Speaking to the press after the game, Emma Hayes talked about deploying a 442 so that Chelsea could pounce on Lyon in the transition phases. She added that her team “haven’t been full of confidence building out from the back, so we decided not to do it.”

Emma Hayes was quick to add that her Chelsea side “have never won a penalty shootout as a team” – and talked of the added pressure as she was “forced into every substitution… they were injuries in each and every case.”

The Chelsea gaffer was full of praise for their opponents though, adding that she knew “Lyon would come for us” and complimenting the French side’s “world class” substitutes.

On the topic of Maren Mjelde, Emma Hayes could not hide her beaming smile – insisting that the Norwegian is a “Chelsea legend.” She added that “everyone knew Maren was going to take that penalty, and everyone knew Maren was going to score.”

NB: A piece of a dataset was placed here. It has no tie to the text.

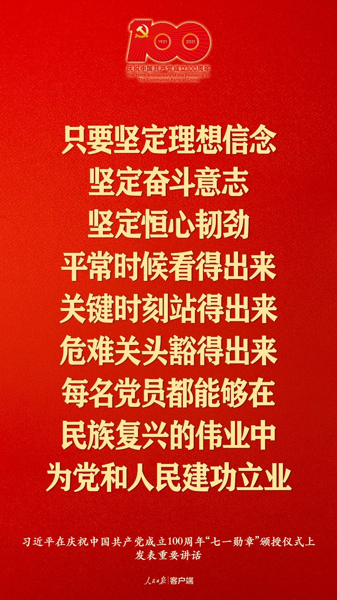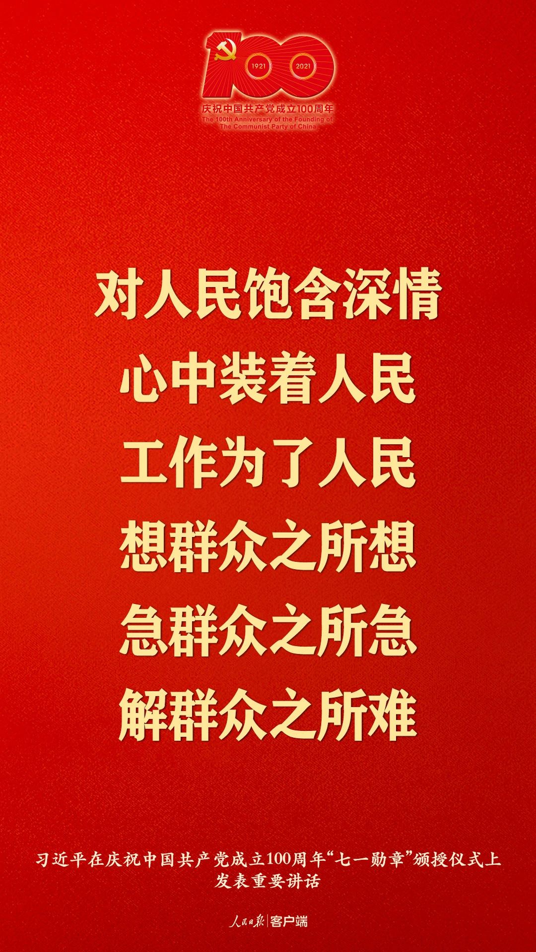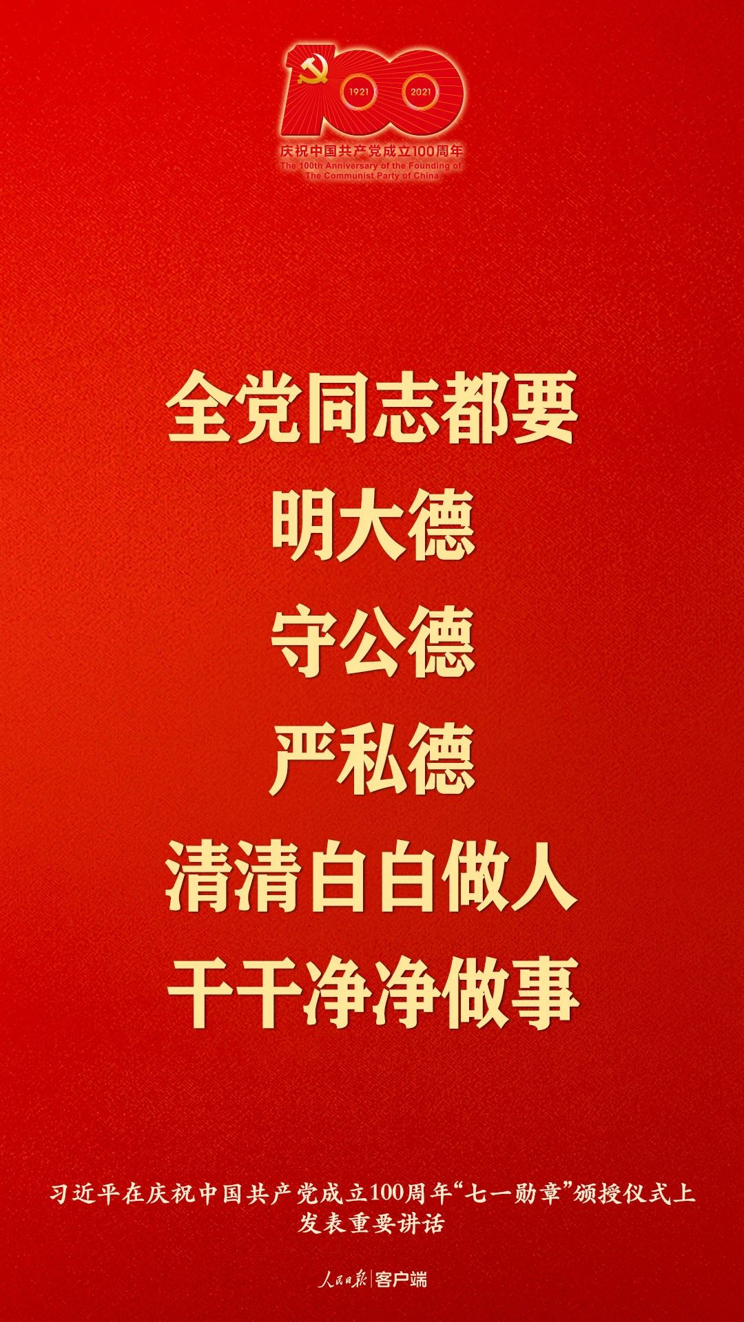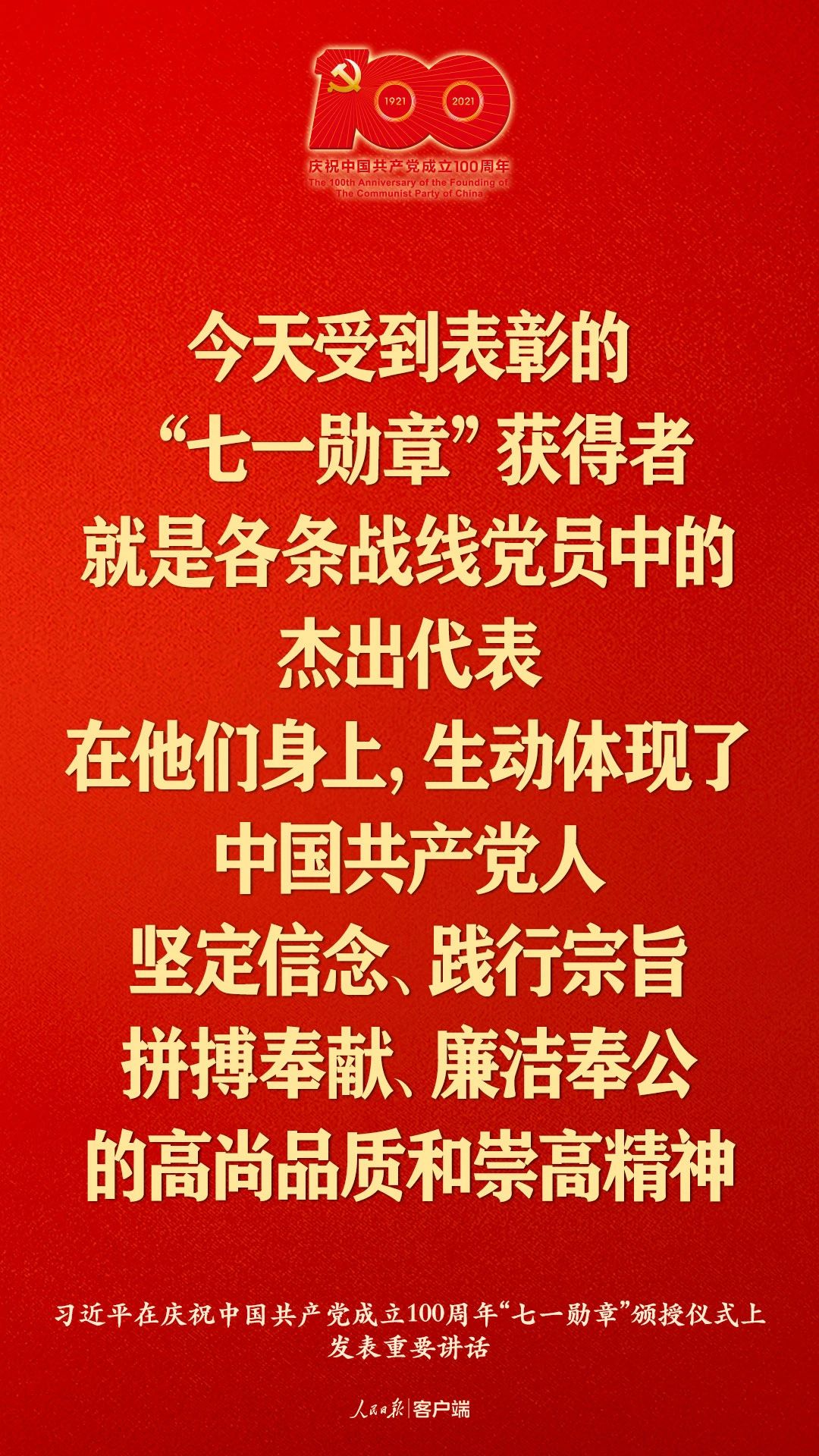 2021年6月29日上午,“七一勋章”颁授仪式在人民大会堂隆重举行。中共中央总书记、国家主席、中央军委主席习近平为“七一勋章”获得者颁授勋章并发表重要讲话。习近平指出,在他们身上,生动体现了中国共产党人坚定信念、践行宗旨、拼搏奉献、廉洁奉公的高尚品质和崇高精神。

Emma Hayes was also full of praise for Ann-Katrin Berger, who saved Lindsay Horan’s penalty to secure progression. The boss described Berger as “probably the best penalty-saving goalkeeper I’ve ever worked with.

A contentious topic between the two managers was the penalty in the 128th minute. Emma Hayes spoke first on the subject, insisting that “Lauren walked over to me and she said it was a penalty.” Sonia Bompastor’s view of the incident was rather different – describing the final result as “disappointment, frustration and injustice.”